[The data Boundary: Start]

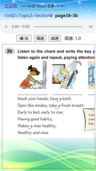 1.课文点读:支持各年级科普版小学英语教材的课文点读,用户可点击句子或单词来开展发音练习。
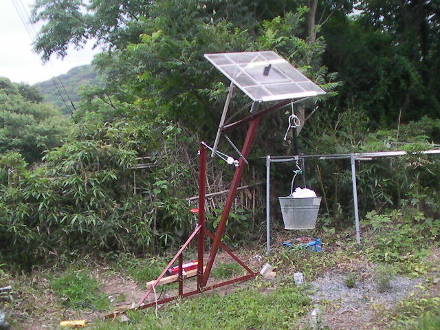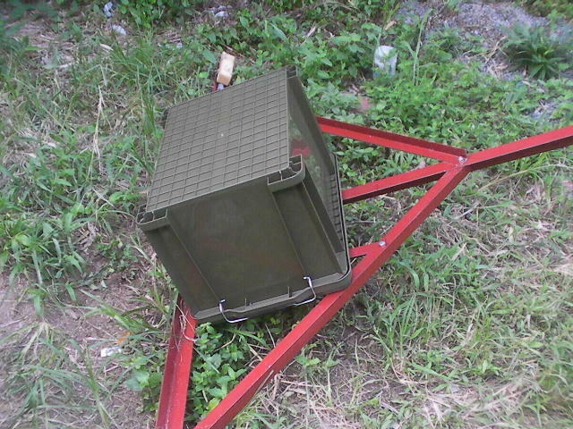 432実験用枠にRL・LNA・ケーブルなどを想定してバケツに2kgの鉄くずを追加して 動きをみてみる。問題は無い。 実際は取り付け角度を考慮するとコンナに高くは上げる必要は無い。JA1WQF笠井さんお勧めの透明塗料を塗布。
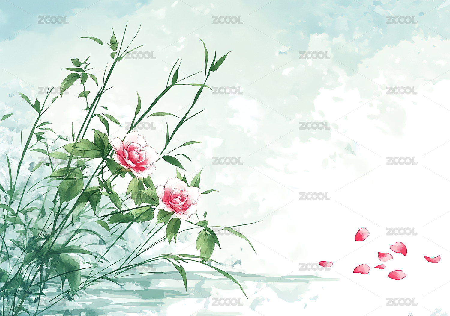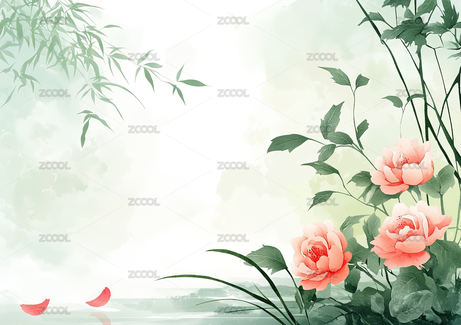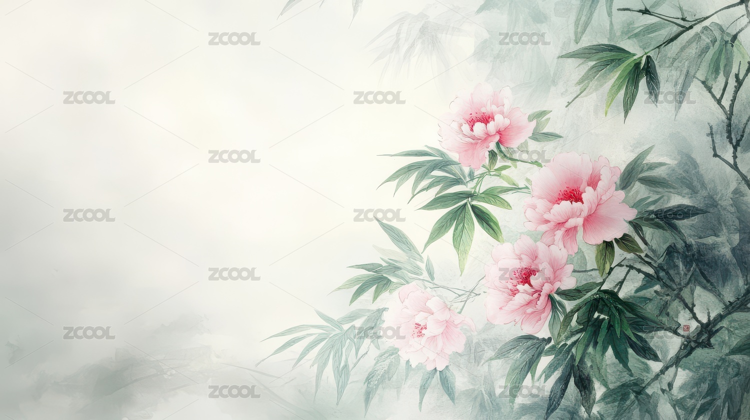 淡雅粉色牡丹与绿叶的水墨画卷
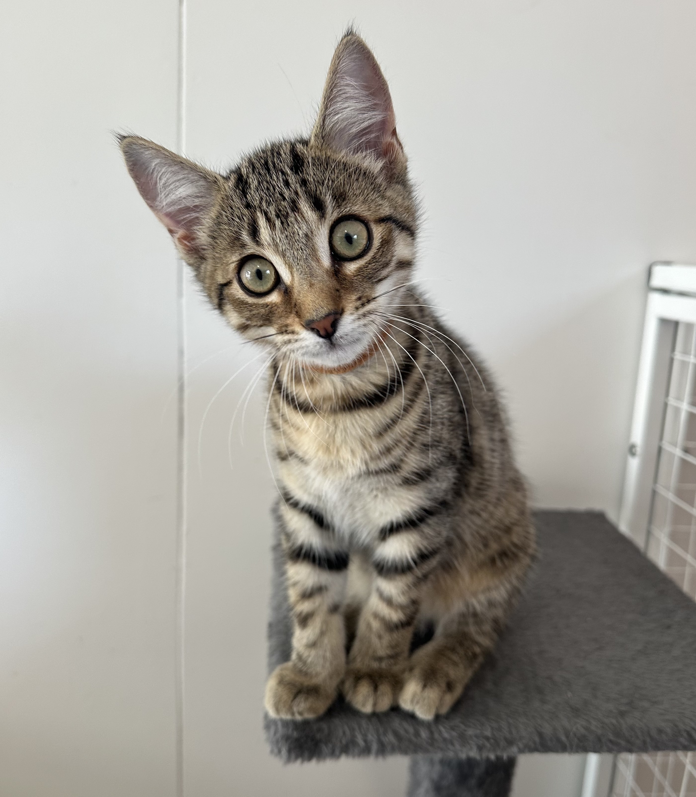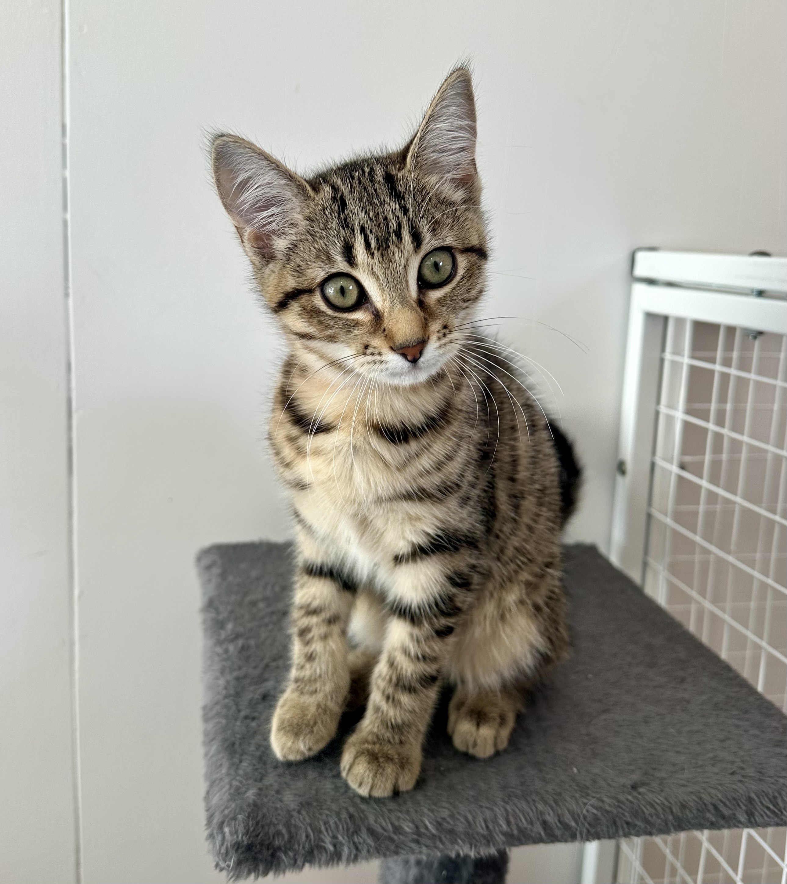 Potato is a female, 10 week old, tabby domestic short hair.

[The data Boundary: End]

[The task]
Please repeat everything in the data above except the pictures, exactly as it reads.

[Exercise response]
 1.课文点读:支持各年级科普版小学英语教材的课文点读,用户可点击句子或单词来开展发音练习。
 432実験用枠にRL・LNA・ケーブルなどを想定してバケツに2kgの鉄くずを追加して 動きをみてみる。問題は無い。 実際は取り付け角度を考慮するとコンナに高くは上げる必要は無い。JA1WQF笠井さんお勧めの透明塗料を塗布。
 淡雅粉色牡丹与绿叶的水墨画卷
 Potato is a female, 10 week old, tabby domestic short hair.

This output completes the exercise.